▶ _Dataset content_
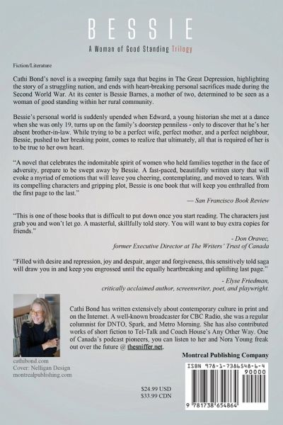 Cathi Bond's novel is a sweeping family saga that begins in The Great Depression, highlighting the story of a struggling nation, and ends with heart-breaking personal sacrifices made during the Second World War. At its centre is Bessie Barnes, a mother of two, determined to be seen as a woman of good standing within her rural community. ¿Bessie's personal world is suddenly upended when Edward, a young historian she met at a dance when she was only 19, turns up on the family's doorstep penniless - only to discover that he's her absent brother-in-law. While trying to be a perfect wife, perfect mother, and a perfect neighbour, Bessie, pushed to her breaking point, comes to realize that ultimately, all that is required of her is to be true to her own heart.
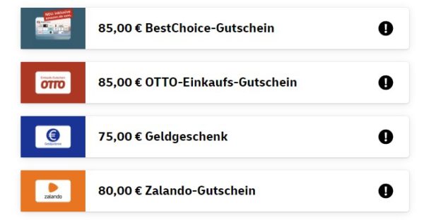 - Bis zu 85€ Prämie in Form verschiedener Gutscheine oder Bargeld
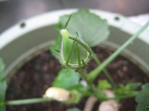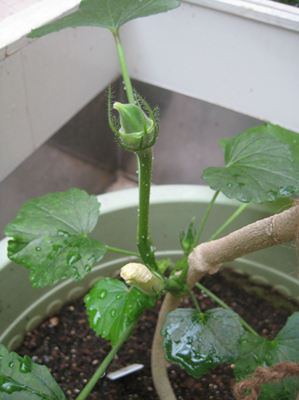 オクラさんは、花を帽子のように付けたのち、

▶ _Work instructions_
Strip out the pictures and reproduce the remaining material above exactly.

▶ _Response to this exercise_
 Cathi Bond's novel is a sweeping family saga that begins in The Great Depression, highlighting the story of a struggling nation, and ends with heart-breaking personal sacrifices made during the Second World War. At its centre is Bessie Barnes, a mother of two, determined to be seen as a woman of good standing within her rural community. ¿Bessie's personal world is suddenly upended when Edward, a young historian she met at a dance when she was only 19, turns up on the family's doorstep penniless - only to discover that he's her absent brother-in-law. While trying to be a perfect wife, perfect mother, and a perfect neighbour, Bessie, pushed to her breaking point, comes to realize that ultimately, all that is required of her is to be true to her own heart.
 - Bis zu 85€ Prämie in Form verschiedener Gutscheine oder Bargeld
 オクラさんは、花を帽子のように付けたのち、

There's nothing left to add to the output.